2) Do you know it's on cylinder 4 because of troubleshooting or because the check engine light is on and you're getting a P0304 code? Does the check engine light ever flash during vehicle operation?

3) When you say you've had the intake ports cleaned are you referring to the EGR ports in the intake manifold or are you referring to cleaning the fuel injectors?

4) Have you inspected or replaced the distributor cap?

5) Is the engine a rebuild with only 12k miles on it or a low mileage engine from a wreck? Was the engine complete or did you install accessories, e.g. intake and exhaust manifolds, fuel rail and injectors, from the old engine? How many miles on the old engine if you removed parts from it?

You might want to look at this thread: "Stumble between 1500 and 2000 rpm". I had a similar symptom about 2 years ago.

Steve


----------



## PWJ (Sep 26, 2007)

1. Miss is constant though most notable 3rd through 5th gear.

2. I am getting a code with the engine check lights on.

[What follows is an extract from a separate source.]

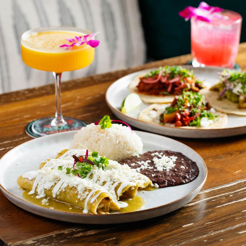 Choice of meat, refried beans, pico de gallo, romaine lettuce, queso fresco, and avocado | Add Beef +$1.50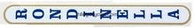 White Sausage with gold or red edging and distinctive vertical type face inside in dark blue.

I also pulled the number 4 plug wire during idle and that did not affect the way it was idling roughly. The check engine light comes on without blinking but as you rev engine it begins to flash.

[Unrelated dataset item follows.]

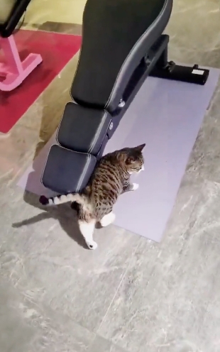 一個名為「@poco3118」的帳在推特上傳一部影片,從畫面中可以看到,有隻虎斑貓在健身房閒晃,在某處停下來後,選在軟墊處躺下,開始進行能練出腹肌的「捲腹」動作,還將腳跨在器材上。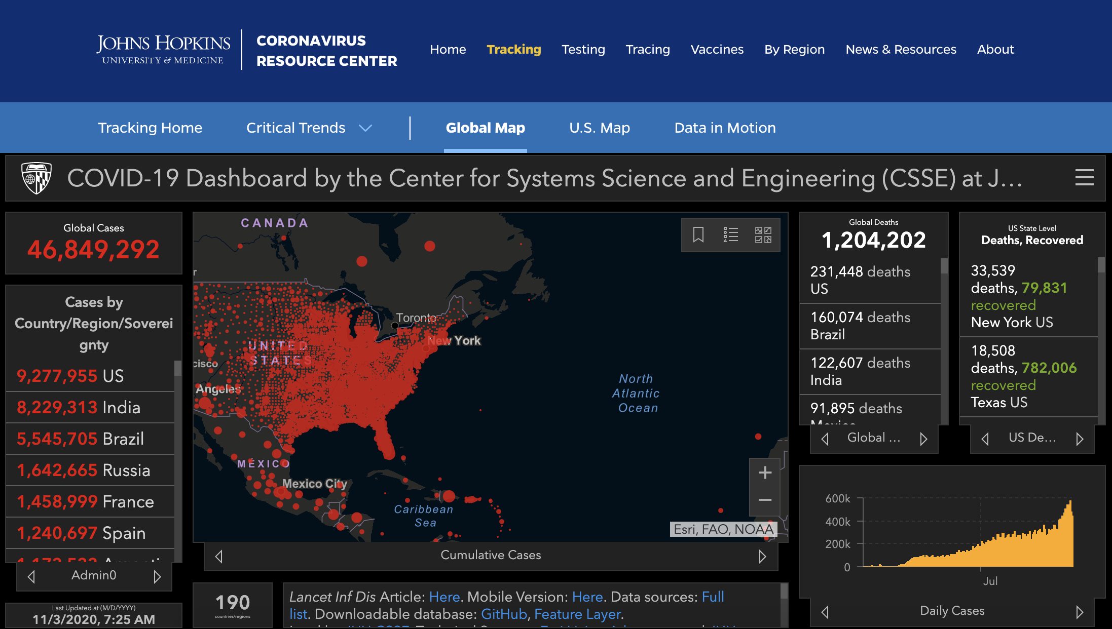 ➡️疫情肆虐全球至少 #188国/地区,截至今早7.25am,美国约翰斯·霍普金斯大学实时统计:全球累计确诊病例46,849,29例,累计死亡1,204,202例。

3. I believe both the injectors and ports were cleaned.

4. The distributor cap was inspected the last time I had the problem (when I had the ports and injectors cleaned) and the mechanic said it was good to go. Have not looked at it this tme.

5. The engine was a low mileage engine from a wreck. It came with basically just the block. The accessories came from the original engine which had abotu 170k on it.


----------



## azrocketman (Oct 5, 2005)

PWJ said:


> 1. Miss is constant though most notable 3rd through 5th gear.
> 
> 2. I am getting a code with the engine check lights on. I also pulled the number 4 plug wire during idle and that did not affect the way it was idling roughly. The check engine light comes on without blinking but as you rev engine it begins to flash.
> 
> ...


You need to verify that the EGR ports in the intake manifold were cleaned. This is not a chemical flushing rather, it requires removal of the four hex plugs from the top of the intake manifold and scraping carbon from the ports (approximately .25 inch diameter). There is a Nissan technical service bulletin that describes the maintenance (it is referenced in the previously mentioned thread). If the EGR ports were not cleaned that would be my first item to check. I'd also check the EGR tube that goes from the manifold to the EGR valve as these can also clog.

The check engine light flashing indicates a severe misfire. Can you use a mechanics stethoscope and verify that the number 4 fuel injector is cycling? I might pull the number 4 injector and swap it with another cylinder. If the problem follows the injector, you have your answer.

Have you run a compression check on the engine? It's possible you have a blown head gasket or some other cylinder specific engine problem. When you say the replacement engine was basically just a block does that mean there was no head? If the head was from your 170k engine was the head serviced (e.g. valve grind)?

Steve


----------



## PWJ (Sep 26, 2007)

Following is a list of what I have had done to the engine since it was installed:
New EGR Valvalw and gasket
Valve Shims on Cylinder 4


----------



## PWJ (Sep 26, 2007)

The EGR Ports were cleaned and the head from my old engine was used and was serviced prior to installation. Last check of compression (don't remember what it was) but mechanic stated it was good and what compression should be for a 12k engine.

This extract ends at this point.